• A “market infrastructure” is defined in the Financial Markets Act, No. 19 of 2012 (the “Act”) to include key players such as licensed exchanges, clearing houses and central securities depositories.  
  • Section 62 of the Act requires that a market infrastructure take the necessary steps to avoid, eliminate and otherwise manage conflicts of interest between its regulatory functions and its commercial services. These steps must include: “the implementation of appropriate arrangements, which arrangements must comply with the requirements prescribed by the registrar…”  
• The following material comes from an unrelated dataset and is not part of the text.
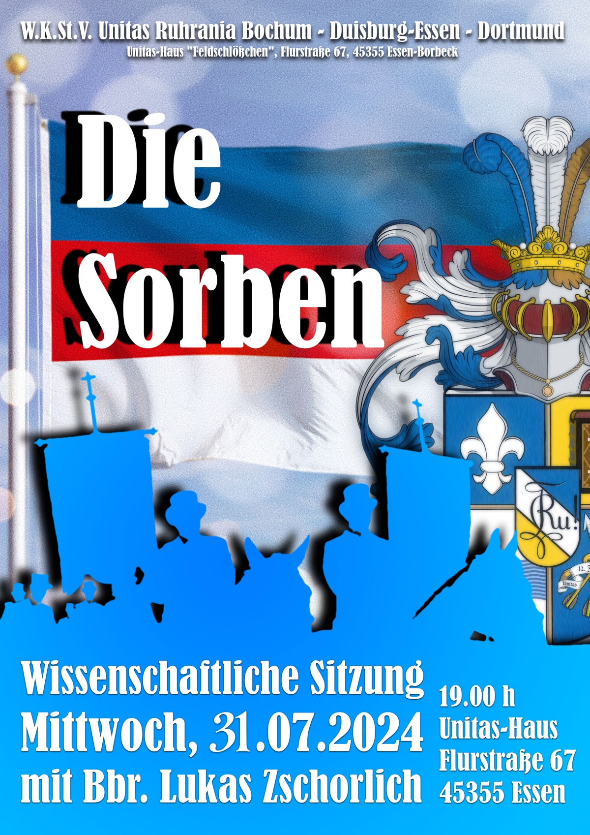 Allen weiteren, die noch nicht Bescheid wussten und sich für heute den Abend zu Kultur und Geschichte einer manchem unbekannten deutschen Landschaft vielleicht vorgenommen hatten, dies also zur Kenntnis. Referent Bbr. Lukas Zschorlich startet am Mittwoch, 31. Juli, um 19 Uhr c.t., auf dem Unitas-Haus „Feldschlößchen“.
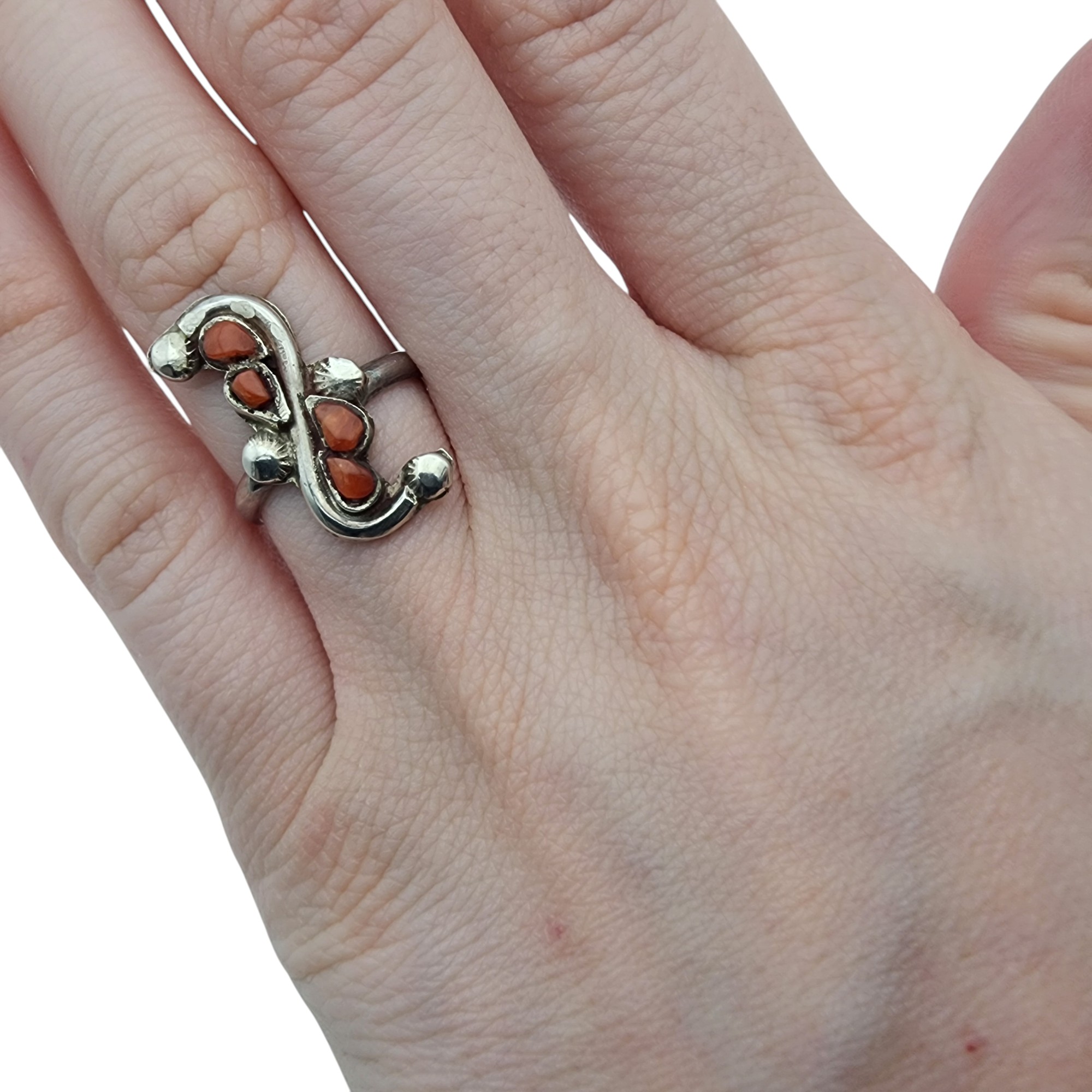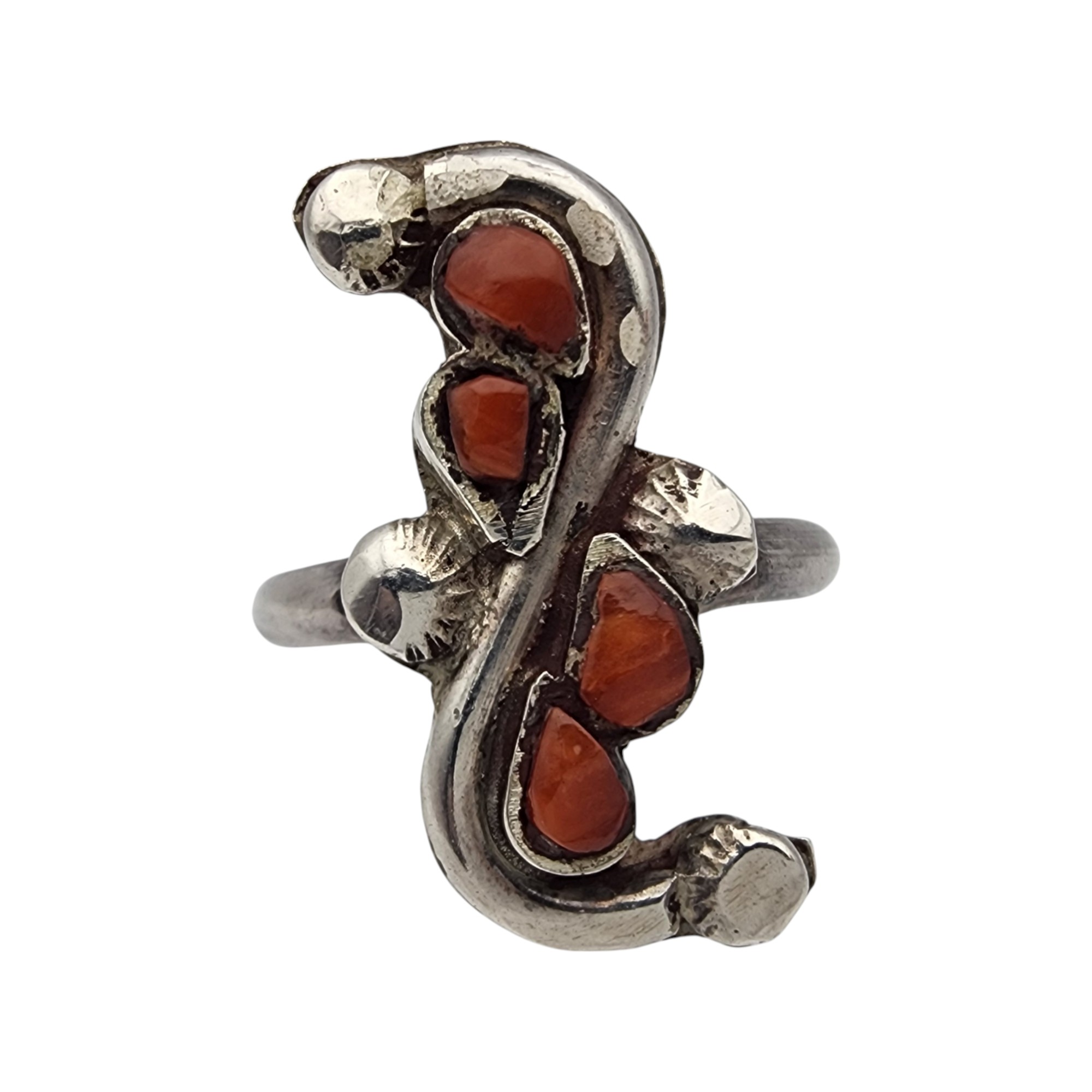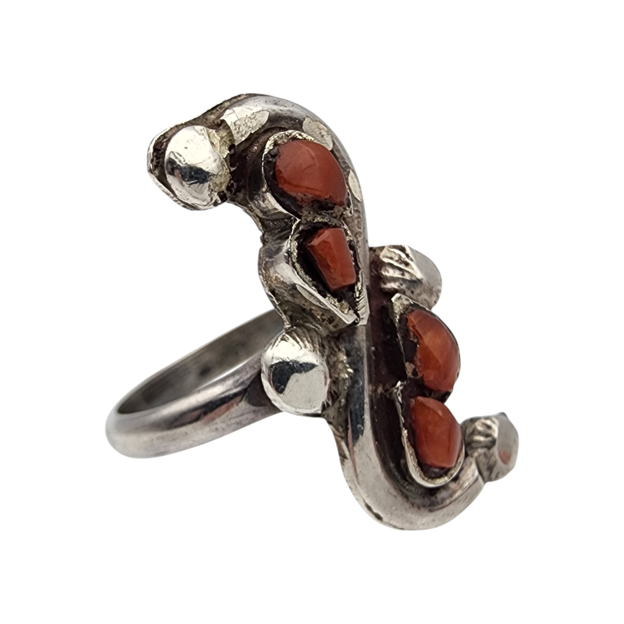 Vintage Navajo Sterling Coral Ring Sz 6.5, as is, 3.4g

  • On 1 January 2015, the Financial Services Board published Board Notice 1 of 2015, in terms of which the Registrar of Security Services prescribed the requirements contemplated in section 62. In terms of these requirements, a market infrastructure must:
    • establish an internal process to identify conflicts of interest;
    • record, adopt and implement policies and measures to address conflicts of interest;
    • appoint an independent committee to ensure that the market infrastructure complies with the above requirements; and
    • set out sanctions that may be taken by the market infrastructure in the event of a breach of its policies;  
  • A market infrastructure will also be required to:
    • annually assess the efficacy of the measures adopted;
    • annually prepare a Conflicts of Interest Assessment Report, which  report must comprehensively deal with the assessment of all material and relevant matters related to the market infrastructure’s management of conflicts of interest;
    • submit the report along with its Annual Supervisory Assessment Report to the registrar;
    • publish its Annual Conflicts of Interest Assessment Report; and
    • disclose the details of the nature and extent of any conflicts in its annual report contemplated in section 69 of the Financial Markets Act.   
  • A market infrastructure must comply with the notice with effect from 31 December 2015.